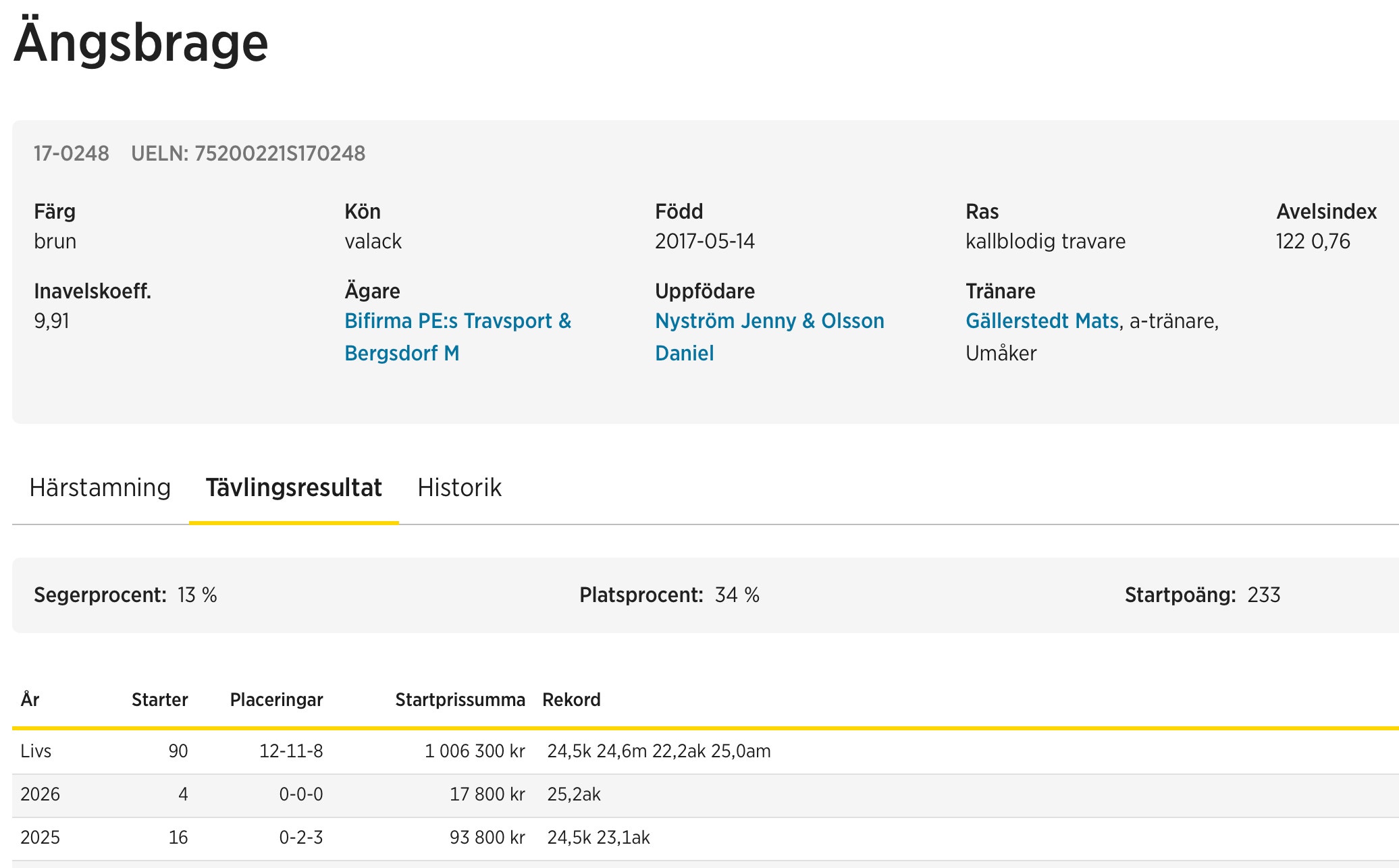 Ängsbrage har på 90 startar tagit hem tolv segrar och sprungit in 1 006 300 kronor.
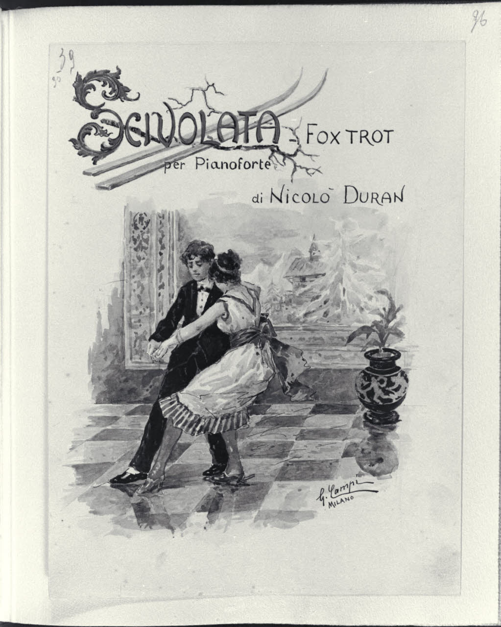 - NOTIZIE STORICO CRITICHE L’album inv. L B 15 del Civico Gabinetto dei Disegni del Castello Sforzesco, raccoglie una serie di illustrazioni realizzate da Giacomo Campi (1846 - 1921). Donato al Comune di Milano da Luigi Donnini nel 1937, è composto da 61 fogli montati su 63 pagine di carta color avorio dove su ognuna di esse è indicato a matita il corrispettivo numero progressivo dei diversi fogli. I disegni, tutti firmati"Giacomo Campi. Milano", sono stati realizzati come frontespizi di spettacoli musicali, canzoni e ballate composte da Nicolò Duran; i versi di alcune di queste composizioni sono invece di U. Barbieri, E. Boccola, F. Cavallotti, G. E. Ducati, G. Giacchi, R. Paravicini, L. Stecchetti, Q. Vivanti, J. Well. Tali opere grafiche, molte delle quali quadrettate a matita, sono realizzate con rapidi e veloci tratti di inchiostro nero e acquerelli colorati dalle vivaci e cangianti cromie. Su ogni foglio, nella parte superiore al centro, campeggia il titolo della composizione descritta con caratteri stilizzati, arabeschi vegetali e capilettera figurali. Le scene rappresentate hanno spesso ambientazioni che evocano il genere musicale e rimandano a un tipico gusto Liberty, che si trasforma in motivi rococò o neoclassici. Nelle diverse composizioni si osservano principalmente soggetti e figure di giovani innamorati che danzano, si guardano o assumono atteggiamenti e pose romantiche in ambienti bucolici o all’interno di ricche dimore. Difficile risulta, a oggi, stabilire una data certa per la loro esecuzione, ma è molto probabile che siano state realizzate in un lasso di tempo abbastanza ampio e verosimilmente dopo il 1871, anno in cui l’artista prese fissa dimora a Milano. Il pittore, prima di tale data, aveva infatti frequentato l’Accademia Carrara di Bergamo e successivamente l’Accademia di S. Luca a Roma. Nella Milano di fine Ottocento acquistò subito grande popolarità, prese attivamente parte a tutte le manifestazioni della "Scapigliatura" lombarda e si distinse come pittore di affreschi, scene di genere e acquafortista, oltre che come inconfondibile acquerellista.
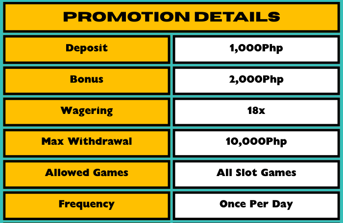 ✅ Get an EXTRA Php 2,000 added to your deposit included in this promotion.

PROBLEM TO WORK ON.
Output the data exactly. Pictures don't belong in the result.

RESULT OF THE EXERCISE.
 Ängsbrage har på 90 startar tagit hem tolv segrar och sprungit in 1 006 300 kronor.
 - NOTIZIE STORICO CRITICHE L’album inv. L B 15 del Civico Gabinetto dei Disegni del Castello Sforzesco, raccoglie una serie di illustrazioni realizzate da Giacomo Campi (1846 - 1921). Donato al Comune di Milano da Luigi Donnini nel 1937, è composto da 61 fogli montati su 63 pagine di carta color avorio dove su ognuna di esse è indicato a matita il corrispettivo numero progressivo dei diversi fogli. I disegni, tutti firmati"Giacomo Campi. Milano", sono stati realizzati come frontespizi di spettacoli musicali, canzoni e ballate composte da Nicolò Duran; i versi di alcune di queste composizioni sono invece di U. Barbieri, E. Boccola, F. Cavallotti, G. E. Ducati, G. Giacchi, R. Paravicini, L. Stecchetti, Q. Vivanti, J. Well. Tali opere grafiche, molte delle quali quadrettate a matita, sono realizzate con rapidi e veloci tratti di inchiostro nero e acquerelli colorati dalle vivaci e cangianti cromie. Su ogni foglio, nella parte superiore al centro, campeggia il titolo della composizione descritta con caratteri stilizzati, arabeschi vegetali e capilettera figurali. Le scene rappresentate hanno spesso ambientazioni che evocano il genere musicale e rimandano a un tipico gusto Liberty, che si trasforma in motivi rococò o neoclassici. Nelle diverse composizioni si osservano principalmente soggetti e figure di giovani innamorati che danzano, si guardano o assumono atteggiamenti e pose romantiche in ambienti bucolici o all’interno di ricche dimore. Difficile risulta, a oggi, stabilire una data certa per la loro esecuzione, ma è molto probabile che siano state realizzate in un lasso di tempo abbastanza ampio e verosimilmente dopo il 1871, anno in cui l’artista prese fissa dimora a Milano. Il pittore, prima di tale data, aveva infatti frequentato l’Accademia Carrara di Bergamo e successivamente l’Accademia di S. Luca a Roma. Nella Milano di fine Ottocento acquistò subito grande popolarità, prese attivamente parte a tutte le manifestazioni della "Scapigliatura" lombarda e si distinse come pittore di affreschi, scene di genere e acquafortista, oltre che come inconfondibile acquerellista.
 ✅ Get an EXTRA Php 2,000 added to your deposit included in this promotion.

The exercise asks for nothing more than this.